_What this task involves_
Starting with the line with "У расширения 18" in the entries below and going on through the line with "El ingenioso padre", output every line exactly and nothing more. No pictures.

_The data_
+++

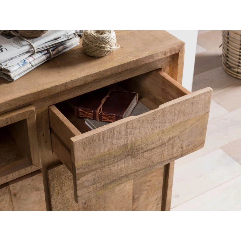 Kvalita zpracování tohoto kousku je patrná na první pohled. Mango dřevo, používané k jeho výrobě, je známé pro svou odolnost a jedinečné vzory, které dodávají každému kusu originální charakter. Příborník Blackdale nejenom že splňuje praktické potřeby, ale také přináší do vašeho domova pocit tepla a útulnosti. Je ideálním místem pro vystavení vašich oblíbených dekorací, nebo pro uložení nádobí a příborů. Neváhejte a vylepšete svůj interiér s tímto nadčasovým kouskem, který se stane nejen funkčním prvkem, ale i stylovým doplňkem vašeho obývacího pokoje. Objednejte si příborník Blackdale ještě dnes a přetvořte svůj domov v místo plné elegance a originality.
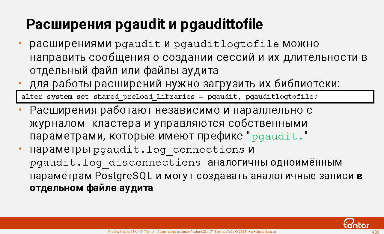 У расширения 18 параметров. 7 параметров относятся к библиотеке pgauditlogtofile, в том числе параметры pgaudit.log_connections и pgaudit.log_disconnections. Эти параметры аналогичны одноимённым параметрам PostgreSQL и могут создавать аналогичные записи, но только в отдельном файле аудита, а не в журнале кластера, в чём большое преимущество этих параметров. Преимущество перевешивает недостатки в виде необходимости загрузки двух библиотек и неудобств их использования. Параметры библиотеки устанавливаются только на уровне кластера, указание этих параметров в переменной окружения приводит к ошибке и невозможности соединиться, в отличие от стандартных параметров: export PGOPTIONS="-c pgaudit.log_connections=off"
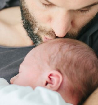El ingenioso padre se dibuja un par de enormes ojos abiertos en sus párpados para hacer creer al niño que está despierto.
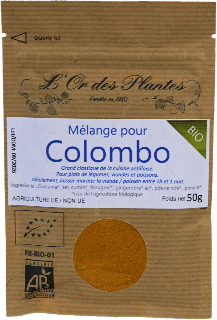 ingrédients: Curcuma*, sel, cumin*, fenugrec*, gingembre*,ail*,poivre noir*, piment*.
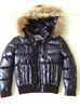 This jacket is made of soft nylon down proved, with soft shining effect; padded with 80% white duck down, on collar with rabbit fur, well keep warm, when take it.
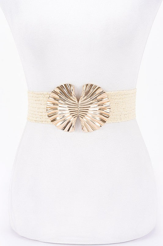 Plus Size Flower Buckle Elastic Faux Straw Belt
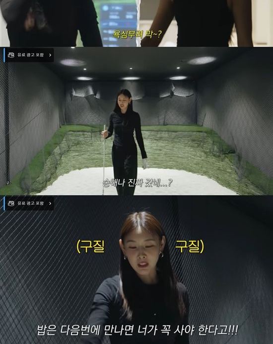 한혜진과 송해나는 골프 내기를 시작했다. 내기는 총 세 판으로 진행됐다. 한혜진은 "(내기 진 사람이) 끝나고 밥 사라. 비싼 거 먹을 거다"라고 말했다. 이에 송해나가 "저 언니는 진짜 비싼 거 먹을 것 같다"며 걱정을 표했다.
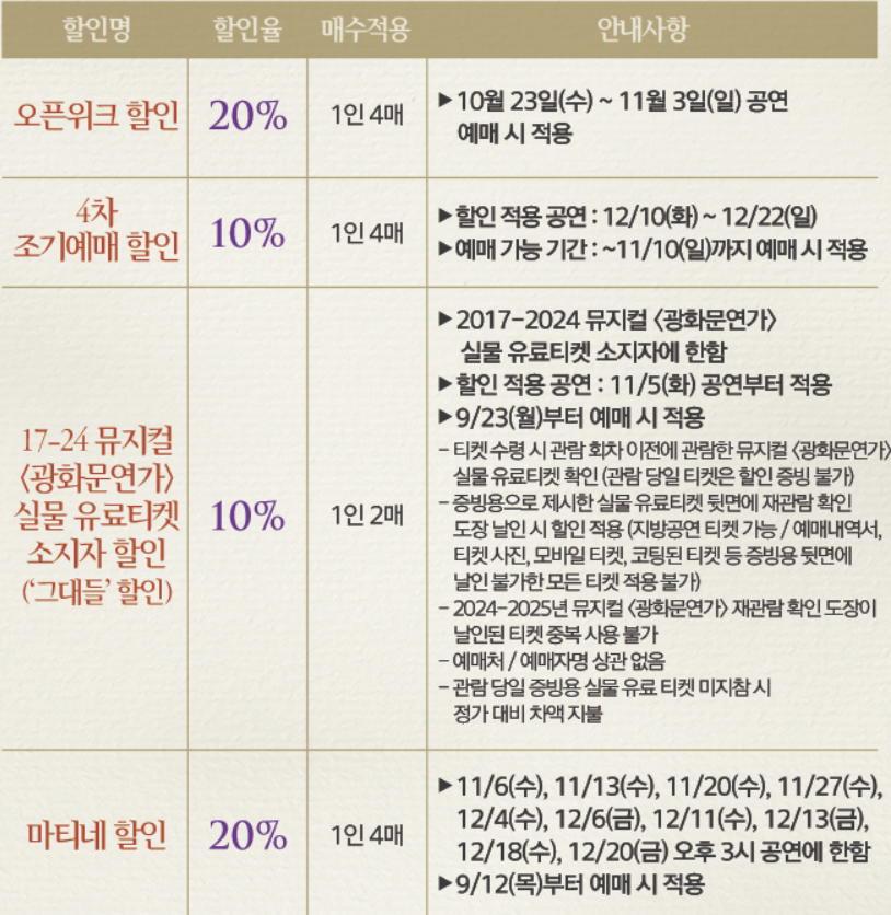 이번 포스팅에서는 광화문연가의 공연 일정, 출연진, 티켓 예매, 할인정보에 대해 자세히 안내드리겠습니다.

+++

_Solved exercise_
 У расширения 18 параметров. 7 параметров относятся к библиотеке pgauditlogtofile, в том числе параметры pgaudit.log_connections и pgaudit.log_disconnections. Эти параметры аналогичны одноимённым параметрам PostgreSQL и могут создавать аналогичные записи, но только в отдельном файле аудита, а не в журнале кластера, в чём большое преимущество этих параметров. Преимущество перевешивает недостатки в виде необходимости загрузки двух библиотек и неудобств их использования. Параметры библиотеки устанавливаются только на уровне кластера, указание этих параметров в переменной окружения приводит к ошибке и невозможности соединиться, в отличие от стандартных параметров: export PGOPTIONS="-c pgaudit.log_connections=off"
El ingenioso padre se dibuja un par de enormes ojos abiertos en sus párpados para hacer creer al niño que está despierto.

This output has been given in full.